[Data excerpt]:

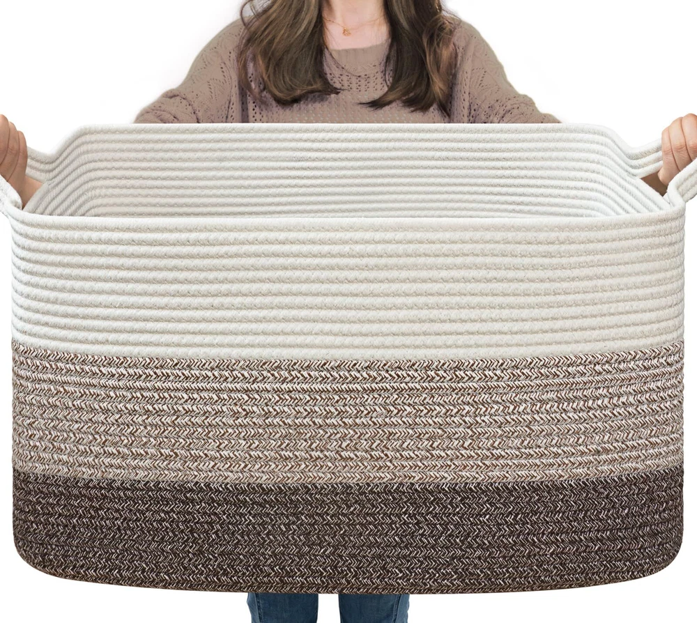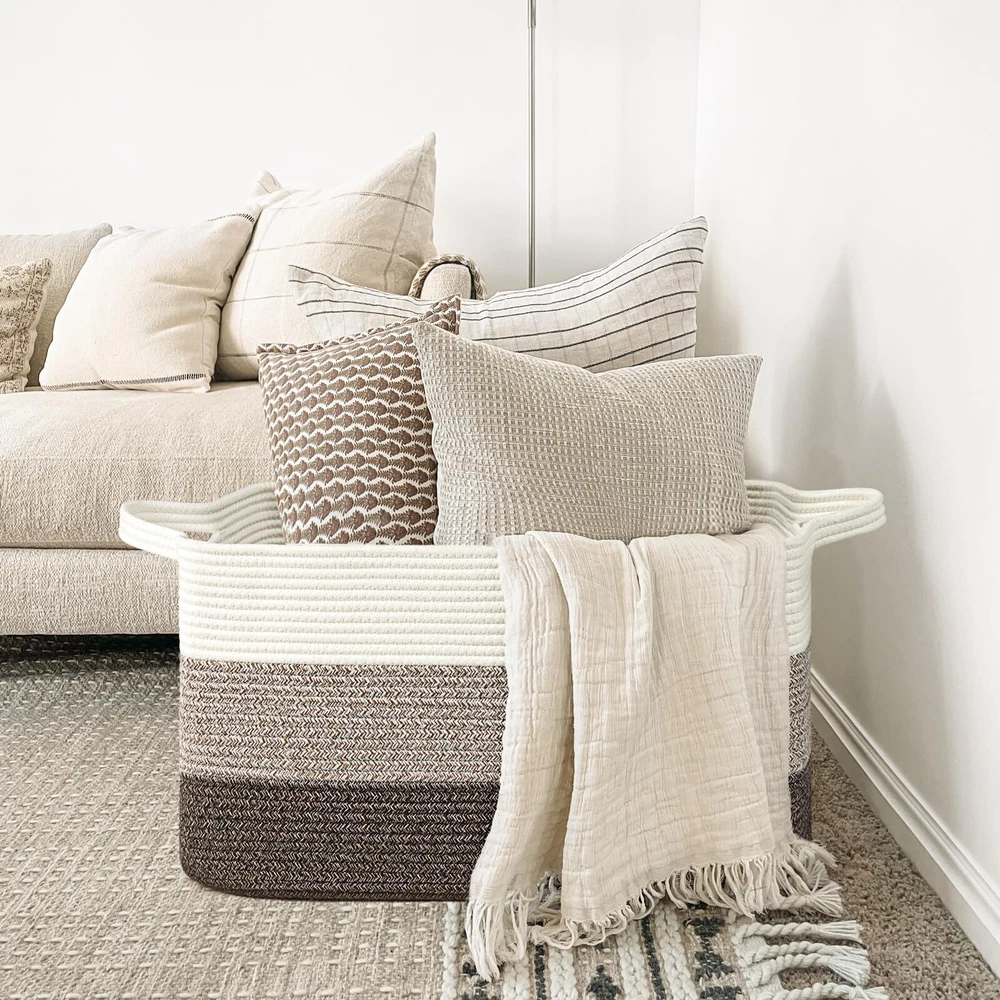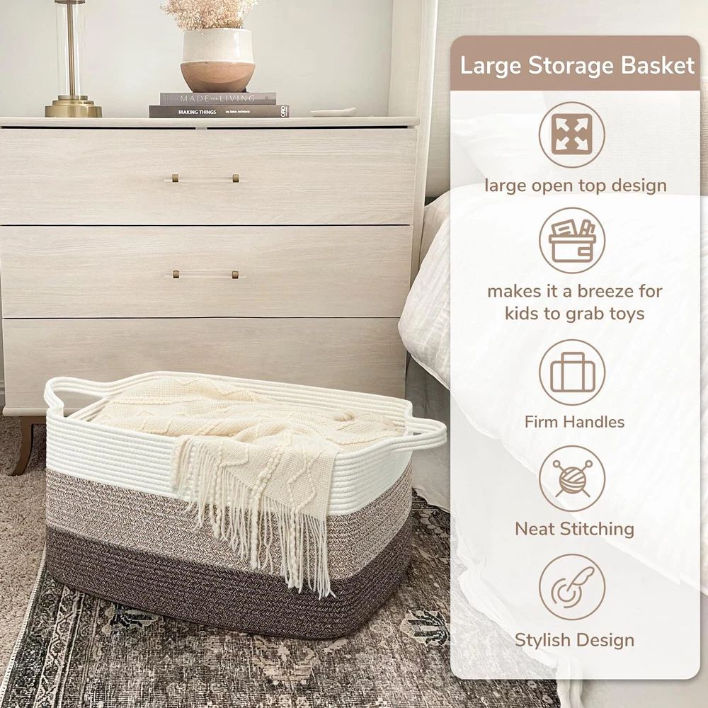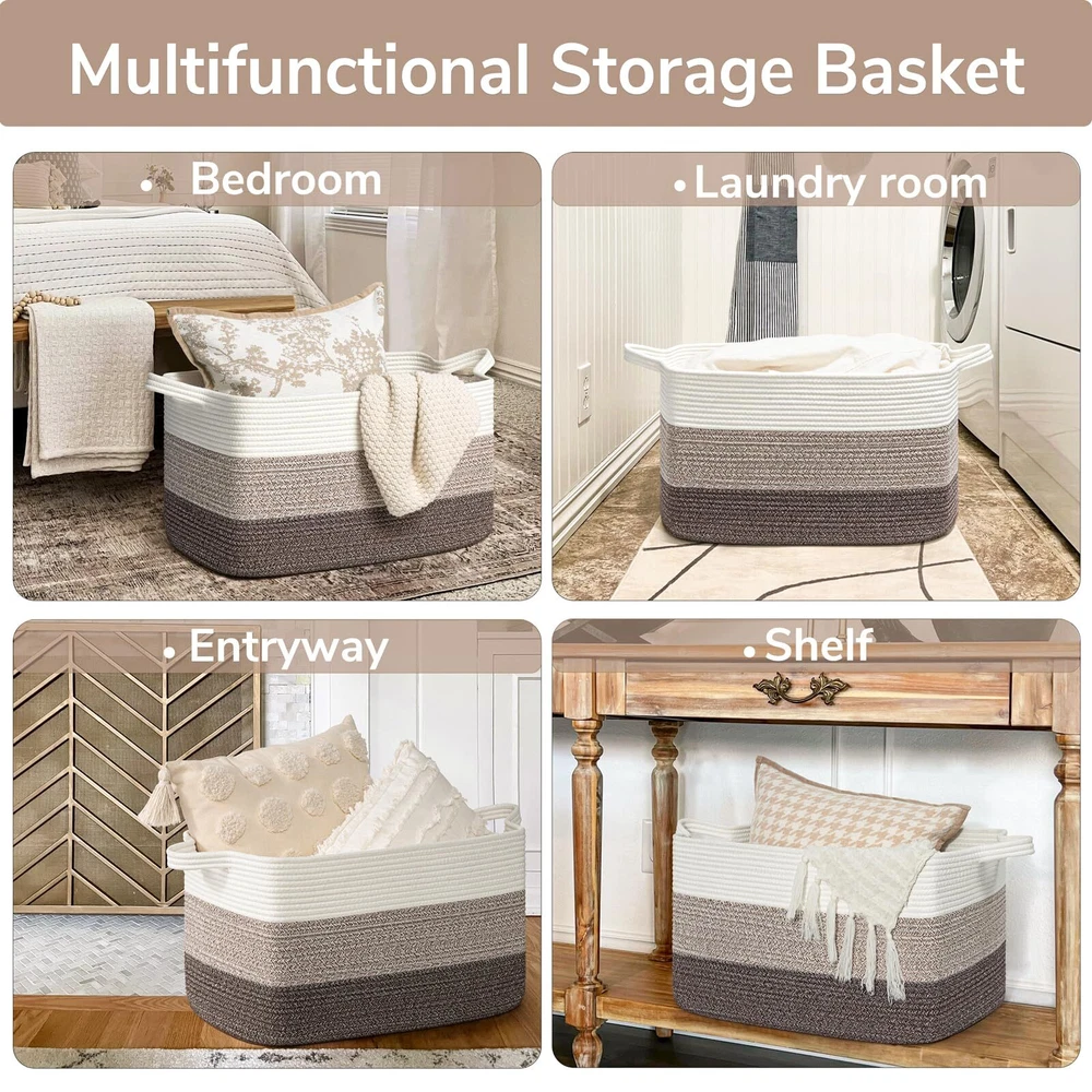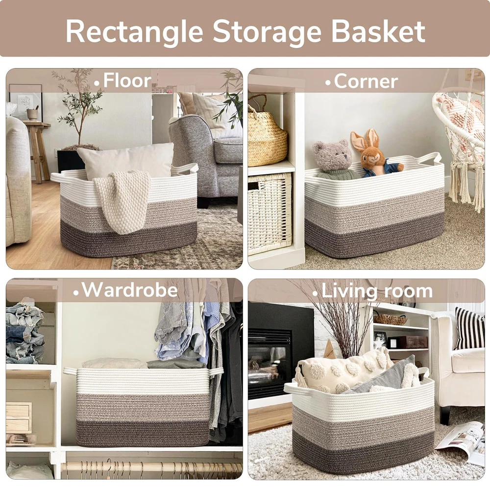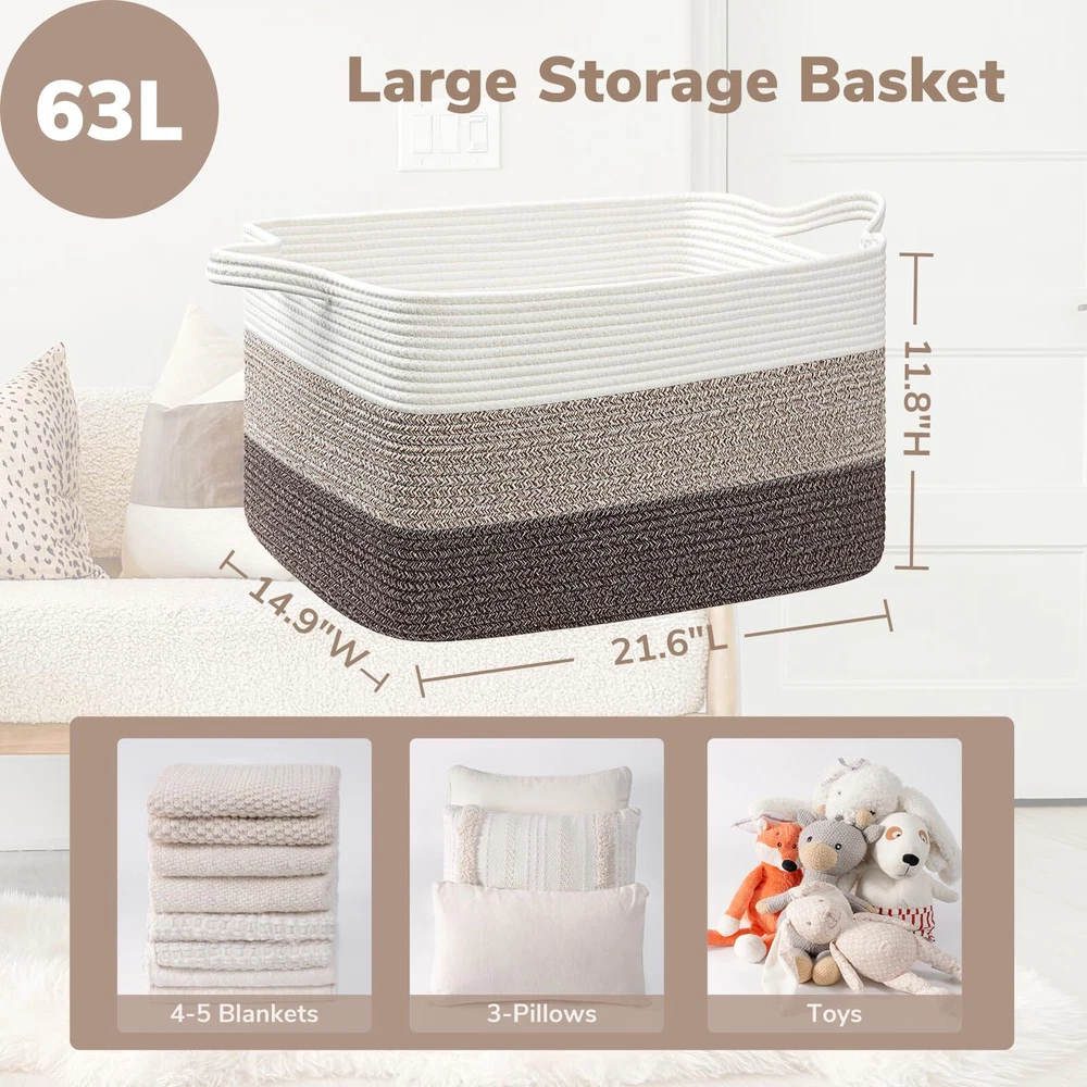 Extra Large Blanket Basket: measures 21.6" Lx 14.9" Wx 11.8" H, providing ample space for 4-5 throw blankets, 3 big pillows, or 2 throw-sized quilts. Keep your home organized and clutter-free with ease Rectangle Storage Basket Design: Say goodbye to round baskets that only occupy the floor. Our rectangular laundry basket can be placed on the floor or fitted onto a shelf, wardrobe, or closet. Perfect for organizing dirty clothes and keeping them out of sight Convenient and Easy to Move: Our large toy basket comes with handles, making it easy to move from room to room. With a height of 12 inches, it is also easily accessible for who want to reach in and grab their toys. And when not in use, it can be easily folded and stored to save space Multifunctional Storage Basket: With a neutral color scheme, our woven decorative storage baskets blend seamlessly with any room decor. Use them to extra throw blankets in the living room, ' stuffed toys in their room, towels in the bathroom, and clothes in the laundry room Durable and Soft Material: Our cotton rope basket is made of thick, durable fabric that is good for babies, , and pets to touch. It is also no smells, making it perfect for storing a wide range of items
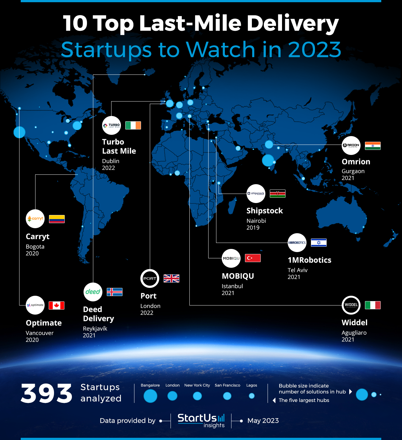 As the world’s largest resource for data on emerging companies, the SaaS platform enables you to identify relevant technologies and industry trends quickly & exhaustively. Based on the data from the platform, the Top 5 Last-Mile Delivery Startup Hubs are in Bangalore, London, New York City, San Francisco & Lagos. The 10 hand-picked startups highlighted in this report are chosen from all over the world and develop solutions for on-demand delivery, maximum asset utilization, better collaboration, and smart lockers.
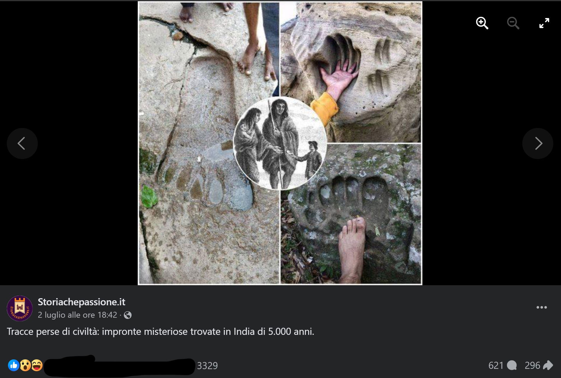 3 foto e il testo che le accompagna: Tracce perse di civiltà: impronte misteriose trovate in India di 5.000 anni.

[Work to complete]: Repeat every line above precisely; pictures do not belong in the copy.

[Answer to this task]:
 Extra Large Blanket Basket: measures 21.6" Lx 14.9" Wx 11.8" H, providing ample space for 4-5 throw blankets, 3 big pillows, or 2 throw-sized quilts. Keep your home organized and clutter-free with ease Rectangle Storage Basket Design: Say goodbye to round baskets that only occupy the floor. Our rectangular laundry basket can be placed on the floor or fitted onto a shelf, wardrobe, or closet. Perfect for organizing dirty clothes and keeping them out of sight Convenient and Easy to Move: Our large toy basket comes with handles, making it easy to move from room to room. With a height of 12 inches, it is also easily accessible for who want to reach in and grab their toys. And when not in use, it can be easily folded and stored to save space Multifunctional Storage Basket: With a neutral color scheme, our woven decorative storage baskets blend seamlessly with any room decor. Use them to extra throw blankets in the living room, ' stuffed toys in their room, towels in the bathroom, and clothes in the laundry room Durable and Soft Material: Our cotton rope basket is made of thick, durable fabric that is good for babies, , and pets to touch. It is also no smells, making it perfect for storing a wide range of items
 As the world’s largest resource for data on emerging companies, the SaaS platform enables you to identify relevant technologies and industry trends quickly & exhaustively. Based on the data from the platform, the Top 5 Last-Mile Delivery Startup Hubs are in Bangalore, London, New York City, San Francisco & Lagos. The 10 hand-picked startups highlighted in this report are chosen from all over the world and develop solutions for on-demand delivery, maximum asset utilization, better collaboration, and smart lockers.
 3 foto e il testo che le accompagna: Tracce perse di civiltà: impronte misteriose trovate in India di 5.000 anni.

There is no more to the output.